Rebecca Schurr, University of Delaware

Intern at Cape May Whale Watch and Research Center

References

Baini, Matteo, et al. “Are Whale Sharks Exposed to Persistent Organic Pollutants and Plastic Pollution in the Gulf of California (Mexico)? First Ecotoxicological Investigation Using Skin Biopsies.” Comparative Biochemistry and Physiology Part C: Toxicology & Pharmacology, Elsevier, 6 Mar. 2017, www.sciencedirect.com/science/article/pii/S1532045617300558.

Fossi, Maria Cristina, et al. “Large Filter Feeding Marine Organisms as Indicators of Microplastic in the Pelagic Environment: The Case Studies of the Mediterranean Basking Shark (Cetorhinus Maximus) and Fin Whale (Balaenoptera Physalus).” Marine Environmental Research, Elsevier, 24 Feb. 2014, www.sciencedirect.com/science/article/pii/S0141113614000373.
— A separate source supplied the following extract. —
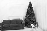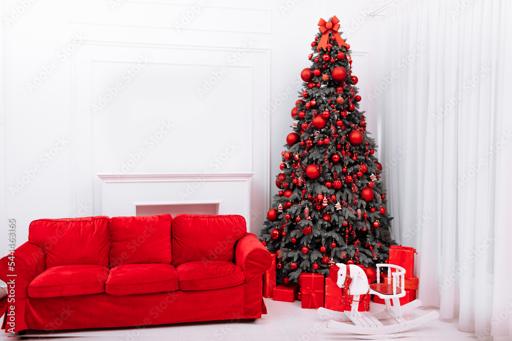 Stylish Christmas minimalist interior with an elegant red sofa. Comfort home with fireplace. Gifts boxes under Christmas tree with decorations red balls in white living room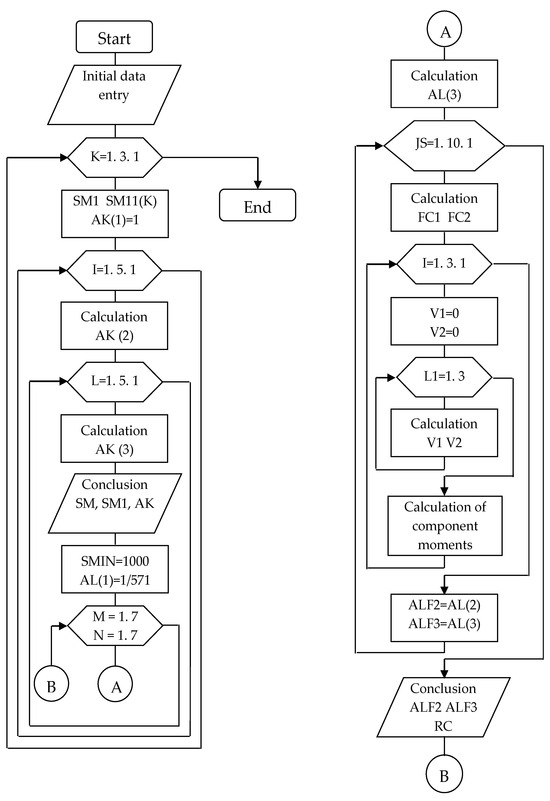 In taking into account the change and the angular positions of the rotor, the algorithm for calculating the mechanical characteristics of the three-engine MAED system is shown in Figure 2. This figure also plots the mechanical characteristics when changing various parameters. By changing the values of these coefficients and angles [15], we obtained many graphs of mechanical characteristics, as shown in Figure 2.

Sazima, Ivan, et al. “Plastic Debris Collars on Juvenile Carcharhinid Sharks (Rhizoprionodon Lalandii) in Southwest Atlantic.” Marine Pollution Bulletin, Pergamon, 16 Apr. 2002, www.sciencedirect.com/science/article/pii/S0025326X02001418.

Wegner, Nicholas C, and Daniel P Cartamil. “Effects of Prolonged Entanglement in Discarded Fishing Gear with Substantive Biofouling on the Health and Behavior of an Adult Shortfin Mako Shark, Isurus Oxyrinchus.” Marine Pollution Bulletin, Pergamon, 14 Dec. 2011, www.sciencedirect.com/science/article/pii/S0025326X11006096.